The video is sickening. Imagine being the mother or father, sister, brother, wife or child of that American soldier murdered so brutally.
So why did CNN air something that cannot be defended as newsworthy? That video was given to CNN by terrorists in order to demoralize the American people about the hopelessness of Iraq just before midterm elections. And CNN did exactly what the terrorists wanted, and CNN knows it. In his introduction that night, Anderson Cooper said, “Insurgents” — never terrorists, mind you, always “insurgents” — were “delivering a deadly message, aiming for a global audience.” CNN is the terrorists’ messenger service, FedEx for the fanatics who want us dead.
John F. Cullinan in the National Review, Oct 30: “Instead of Burning Effigies”
A group of Muslim scholars composes a noteworthy response to the pope’s Regensburg speech.
An authoritative ad hoc group of Islam’s most senior clerics and scholars has issued a detailed public response to Pope Benedict XVI’s September 12 Regensburg remarks. This remarkable document, dated October 12, has largely escaped notice, at least in the English-speaking world, apart from references this past week by Sandro Magister, the veteran Vatican-watcher, and David Warren, the estimable Canadian columnist.
It is a pity that this document, published in English on the website of Islamica Magazine, a small American quarterly, has received so little attention so far. For it marks a welcome and promising step toward properly focused inter-religious dialogue, as well as an authoritative refutation of some regrettably common views in the Muslim world on such pressing issues as religiously motivated violence and the denial of religious freedom.

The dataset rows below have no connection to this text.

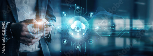 Businessman using mobile devices to interact with Platform as a Service, global network connectivity, and cloud-based solutions.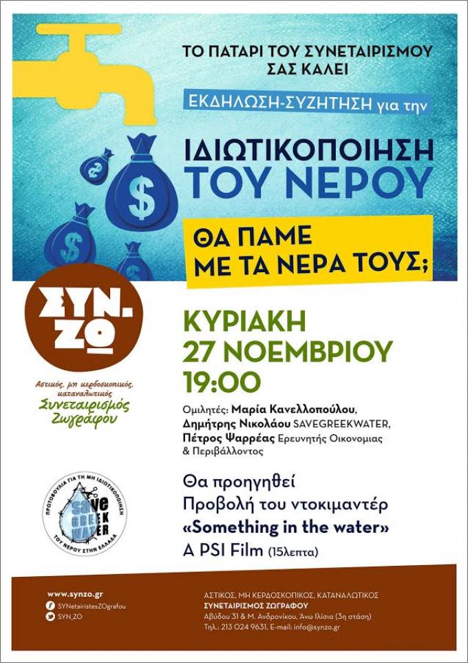 Το Πατάρι του ΣΥΝ.ΖΩ τη Κυριακή 27/11 στις 19.00, στον συνεταιρισμό Ζωγράφου, πραγματοποιεί την εκδήλωση-συζήτηση με θέμα: ΙΔΙΩΤΙΚΟΠΟΙΗΣΗ ΝΕΡΟΥ-ΘΑ ΠΑΜΕ ΜΕ ΤΑ ΝΕΡΑ ΤΟΥΣ;
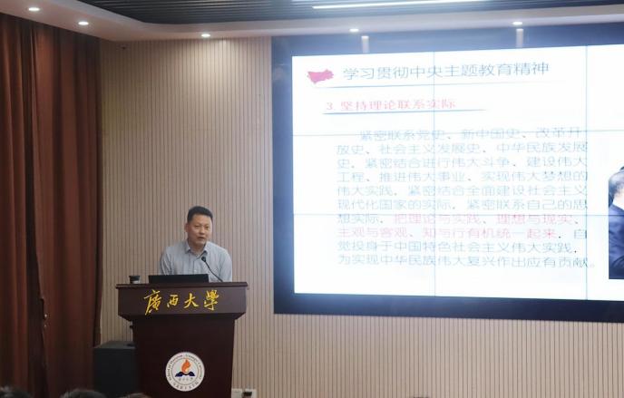在授课中,徐秦法以《学思用贯通 知信行统一——牢牢把握“学思想、强党性、重实践、建新功”的总要求》为题,从习近平新时代中国特色社会主义思想的世界观与方法论入手,结合马克思主义的立场、观点和方法,向学员们深刻阐释了开展学习贯彻习近平新时代中国特色社会主义思想主题教育的重大意义,系统讲解了主题教育的目标与要求,强调全体学员要坚持原原本本读原著,认认真真学原文,全面学习领会习近平新时代中国特色社会主义思想,把握好这一思想的世界观、方法论,坚持好、运用好贯穿其中的立场观点方法,自觉把理论与实践、理想与现实、主观与客观、知与行有机统一起来,积极投身于中国特色社会主义的伟大实践。课上,徐秦法还运用大量的数据和翔实的案例向大家生动讲述了“一带一路”倡议和“人类命运共同体”理念对中国发展和世界繁荣作出的重要贡献。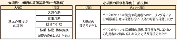介護プロフェッショナルの「できる(実践的スキル)」のチェック項目は合計148項目。施設、在宅で共通に使える基準が目指されています。基本介護技術の評価、利用者視点での評価、地域包括ケアシステム&リーダーシップの3つの大項目の下に中項目、さらにその下に小項目があります。(評価基準例・下記参照)評価方法は、すべて「現認」が基本。アセッサーの前で対象となるチェック項目の介助を行い、本人とアセッサーがそれぞれできているかをチェックする仕組みです。チェック項目は、「できる」「できない」「実施していない」の3段階評価。評価階数の基本介護技術については原則2回以上(訪問介護は1回でも可)。チェック項目の8割以上が「できる」で、かつ「できない」「実施していない」の項目がない場合に小項目クリアとなります。すべての小項目が「できる」場合に、中項目を「できる」と評価。すべての中項目が「できる」だった場合、レベル認定される仕組みとなっています。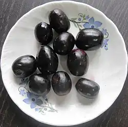 Les fruits se développent en mai ou juin et ressemblent à de grandes baies. Le fruit est oblong, ovoïde, vert au départ, il vire au rose, et enfin au noir et au pourpre brillant lors de sa maturation. Ces fruits sont pourpres et ovales comme des prunes[3].

Richard Halloran, RealClearPolitics.com, Oct 29th, “Australia Sees U.S. as Its Most Crucial Ally”
In Canberra, Prime Minister John Howard of Australia said something about America recently that is not often heard these days: “None of the security challenges we face can be met without American power and purpose.”
Asserting that Australia’s alliance with the U.S. was the cornerstone of his nation’s defense, the prime minister told the Australian Strategic Policy Institute: “For the foreseeable future, no other country in the world will have the spread of interests or strategic reach of the United States.”
The plain-spoken Australian evidently sought to convince several audiences that his nation’s reliance on the U.S. for security served not only Australia’s national interests but those of other countries in the region.